Syrian rebels have accused strongman Bashar al-Assad of moving chemical weapons to the country's borders, after his beleaguered regime said it would use its stockpiles if attacked.
The accusation came as helicopter gunships strafed rebel neighbourhoods of second city Aleppo, Syria's commercial capital, pro-government media said on Tuesday.
The Syrian Observatory for Human Rights said at least 108 people were killed in violence on Tuesday across the country.
The rebel Free Syrian Army said the chemical arsenal had been moved in a bid to pressure the world community, much of which has called for Assad to step aside in the face of the more than 16-month uprising against his rule.
"According to our information, the regime began moving its stocks of weapons of mass destruction several months ago... with the goal of putting pressure on the region and the international community," said the FSA. "We also reveal that Assad has transferred some of these weapons and equipment for mixing chemical components to airports on the border," it added.
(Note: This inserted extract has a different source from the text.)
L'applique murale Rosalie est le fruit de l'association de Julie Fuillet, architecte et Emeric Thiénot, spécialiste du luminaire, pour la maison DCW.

Foreign ministry spokesman Jihad Makdissi acknowledged on Monday that Syria has chemical weapons and said the regime would use them if attacked by outsiders, although not against its own civilians.
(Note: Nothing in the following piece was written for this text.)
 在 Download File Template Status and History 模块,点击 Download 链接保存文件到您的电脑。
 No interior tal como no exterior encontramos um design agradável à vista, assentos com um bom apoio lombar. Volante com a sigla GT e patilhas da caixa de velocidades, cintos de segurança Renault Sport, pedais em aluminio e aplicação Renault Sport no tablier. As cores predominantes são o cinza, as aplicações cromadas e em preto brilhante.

US President Barack Obama warned Assad not to make the "tragic mistake" of unleashing chemical weapons. "Given the regime's stockpile of chemical weapons, we will continue to make it clear to Assad and those around him that the world is watching," said Obama.
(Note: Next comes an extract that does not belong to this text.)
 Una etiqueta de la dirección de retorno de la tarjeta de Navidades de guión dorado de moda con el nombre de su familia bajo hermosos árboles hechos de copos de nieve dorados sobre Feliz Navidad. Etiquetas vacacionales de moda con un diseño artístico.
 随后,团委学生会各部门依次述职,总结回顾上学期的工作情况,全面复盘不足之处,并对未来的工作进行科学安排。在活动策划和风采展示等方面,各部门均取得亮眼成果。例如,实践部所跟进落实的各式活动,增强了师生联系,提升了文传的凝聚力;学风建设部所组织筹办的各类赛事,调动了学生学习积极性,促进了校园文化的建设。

Russia reminded Syria that it had joined a Geneva protocol on the non-use of such weapons.
On the political front US secretary of state Hillary Clinton insisted that President Assad must hand over power and said Washington was stepping up its support for the opposition.
"We have to work closely with the opposition because more and more territory is being taken and it will eventually result in a safe haven inside Syria which will then provide a base for further actions by the opposition," she said. "We do believe that it is not too late for the Assad regime to commence with planning for a transition to find a way that ends the violence."
The opposition Syrian National Council, for its part, said only an opposition figure should lead a transition government if the regime falls.
A Council statement also said the uprising was "about to achieve victory against the murderous junta in power."
And Prime Minister Recep Tayyip Erdogan of neighbouring Turkey, which hosts the rebel leadership, said he was confident it was close to victory.
"The ruthless killings committed in panic in recent days show the world that the Syrian regime is on the road to oblivion," he said.
Activists and regime sources say government forces have reclaimed most of Damascus after a week of heavy fighting with rebels, who remain in the city but are planning a guerrilla strategy.
Clashes continued on Tuesday, with the Syrian Observatory for Human Rights reporting that 71 civilians, 28 soldiers and nine rebels were killed across Syria.
A video it distributed showed the bodies of dead children, including a young girl in a pink and white dress, lying on a blood-smeared floor, said to be in the besieged town of Herak.
In Aleppo, the Observatory said helicopter gunships fired on the districts of Qadi Askar, Bab al-Hadid, Al-Katergi and Karam al-Jabal.
A rebel spokesman said that a "large number" of regime forces had been moved from the northwestern province of Idlib to fight in Aleppo, which recently became a new front in the country's 16-month uprising against the Assad regime.
Meanwhile, Syria named General Ali Mamluk the new head of its National Security office in a shake-up after a bombing killed four top regime figures, an official told AFP.
"General Ali Mamluk, who was head of state security, is becoming the head of the Bureau of National Security, with the rank of minister, overseeing the entire security apparatus," said the source.
Also on Tuesday, UN peacekeeping chief Herve Ladsous arrived in Damascus, where the new head of a UN observer mission, General Babacar Gaye, was due later in the day.
Syria also appeared to suffer a new blow on Tuesday as the head of its mission in Cyprus, Lamia al-Hariri, defected to Qatar, Arab television networks reported.
If confirmed, Hariri's defection would be the second of its kind following that of Nawaf Fares who this month renounced his post as ambassador in Iraq and joined rebel ranks.
One official who has definitely changed sides, General Manaf Tlass, called on Syrians to unite and start building a post-Assad future, in his first public appearance since defecting from the regime.
Reading a prepared statement on the Saudi-based Al-Arabiya television channel, Tlass called on Syrians to "unite... to serve a Syria after Assad... and do the impossible, to ensure the unity of Syria, and to be sure to start building a new Syria."
Tlass, who defected on July 6, said he was "the blood of its innocents is being shed."